8. Neptune (Varun)-It is the fourth largest planet of solar system. It atmosphere is made up of hydrogen, helium and methane. It appears blue in colour because the red light is absorbed by methane and blue light is mainly scattered. It is also called as ‘Blue Giant’. Its diameter is about four times to the earth. It has 14 moons.
Constellations- A group of stars that has a recognizable shape or pattern is called a constellation. Ancient people started identifying the shapes of constellation. The shapes of constellations resemble the objects familiar to ancient people like animals and mythological characters. There are 88 known constellations. e. g.-Great Bear, Orion, Cassiopeia, Leo major, Capricorn etc.
1. Ursa Major/ Big Dipper/ Great Bear/ Saptarshi/ Seven sages– There are seven prominent stars in this constellation. Its shape is like a big ladle or a question mark. There are 4 stars in the bowl and 3 stars in the ladle. It can be seen in northern sky during summer season in a clear moonless night. In north direction to the two last stars of bowl, there is a bright star called pole star (Dhruvtara). It is about five times the distance between the distance of the two stars of bowl.
Due to the rotation of the earth, the Ursa Major appears to move around the pole star from east to west.
2. Orion/Hunter-This is a very magnificent constellation in southern sky. It can be seen during winter season in late evening. It has 7-8 bright stars. The 3 middle stars represent a belt of a hunter.
The four other bright stars form a shape of a quadrilateral. In the east direction of the belt of Orion, there is a bright star called Sirius.
3. Cassiopeia– It is a prominent constellation in northern sky. It is visible during winter in late evening. Its shape is like distorted ‘W’ or ‘M’.
Artificial Satellites-They are manmade objects that revolve around the earth much closer to the moon. The speed of revolution of artificial satellites is as same as the speed rotation the earth. The artificial satellites are used for telecommunications, radio and television broadcasting, weather forecasting, marine study, defence, education etc.
e.g.- Aryabhat, EDUSAT, Kalpana-1, IRS, INSAT etc.
Q.1 Which of the following is NOT a member of the solar system?
(a) An asteroid (b) A satellite
(c) A constellation (d) A comet
Ans- (c) A constellation
Q.2 Which of the following is NOT a planet of the sun?
(a) Sirius (b) Mercury
(c) Saturn (d) Earth
Q.3 Phases of the moon occur because
(a) we can see only that part of the moon which reflects light towards us.
(b) our distance from the moon keeps changing.
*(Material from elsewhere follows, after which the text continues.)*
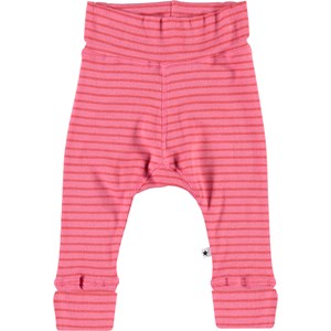 Sara är baby byxor i pink och röd randig ribb. Byxorna har bred resår i midjan, samt uppvik vid benen. Kombinera byxorna med matchande blus.

(c) the shadow of the Earth covers only a part of moon’s surface.
(d) the thickness of the moon’s atmosphere is not constant.
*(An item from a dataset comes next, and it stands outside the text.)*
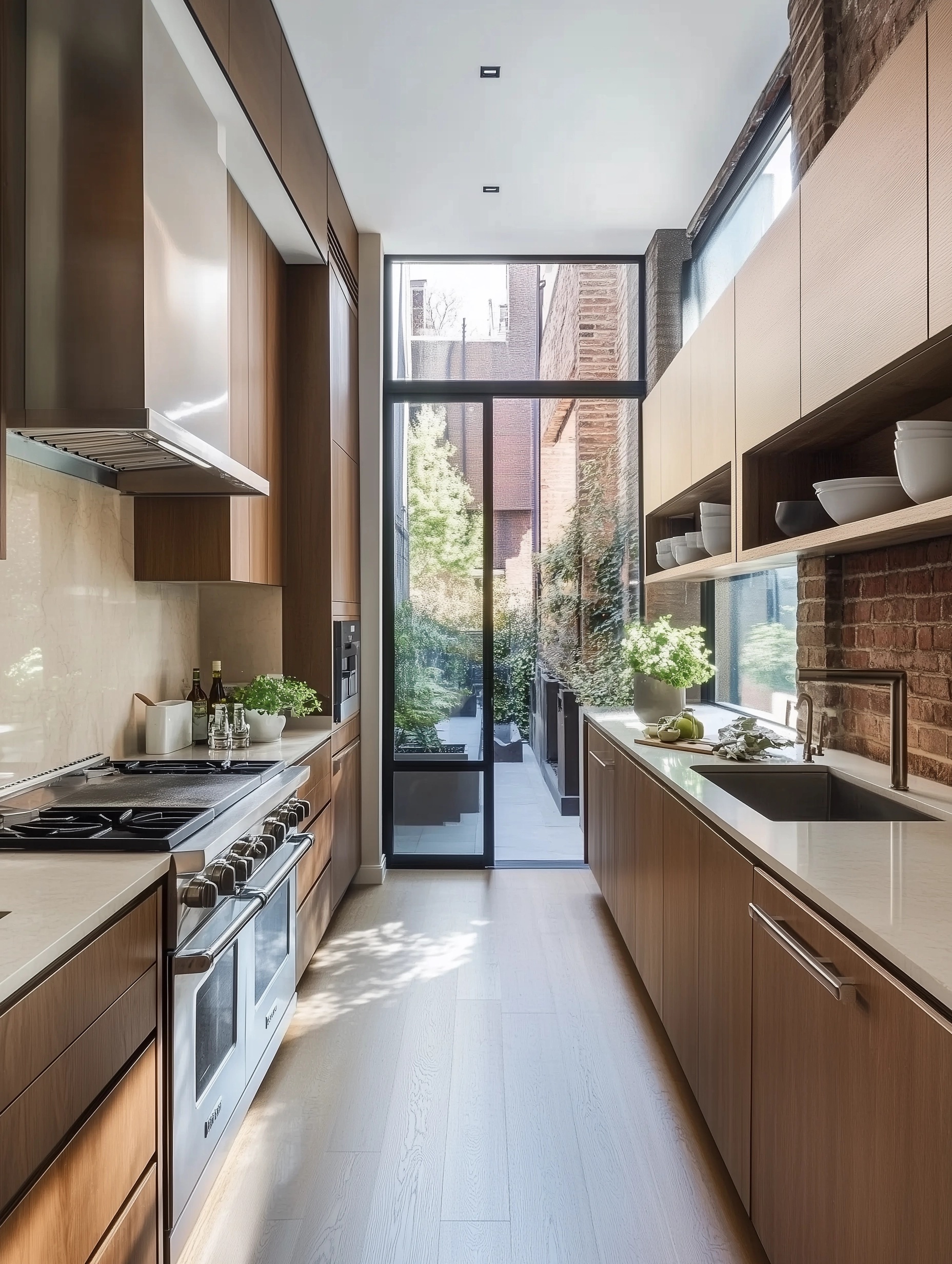 Slender galley kitchens might be difficult to handle at times, but you can make them both highly utilitarian and beautiful in a classy manner. Create an illusion of a bigger area using slimline appliances, open shelving, and light colors.

Ans-(a) we can see only that part of the moon which reflects light towards us.
Q.4 Fill in the blanks:
(a) The planet which is farthest from the Sun is …………………
(b) The planet which appears reddish in colour is ………………
(c) A group of stars that appears to form a pattern in the sky is known as a …………….
(d) A celestial body that revolves around a planet is known as ………………….
(e) Shooting stars are actually not …………………..
(f) Asteroids are found between the orbits of ……………. and …………………..
Ans- (a) Neptune (b)Mars (c) constellation (d) natural satellite (e) stars (f) Mars, Jupiter
Q.5 Mark the following statements as true (T) or false (F):
(a) Pole Star is a member of the solar system. ( )
(b) Mercury is the smallest planet in the planet in the solar system. ( )
(c) Uranus is the farthest planet in the solar system. ( )
(d) INST is an artificial satellite. ( )
(e) There are nine planets in the solar system. ( )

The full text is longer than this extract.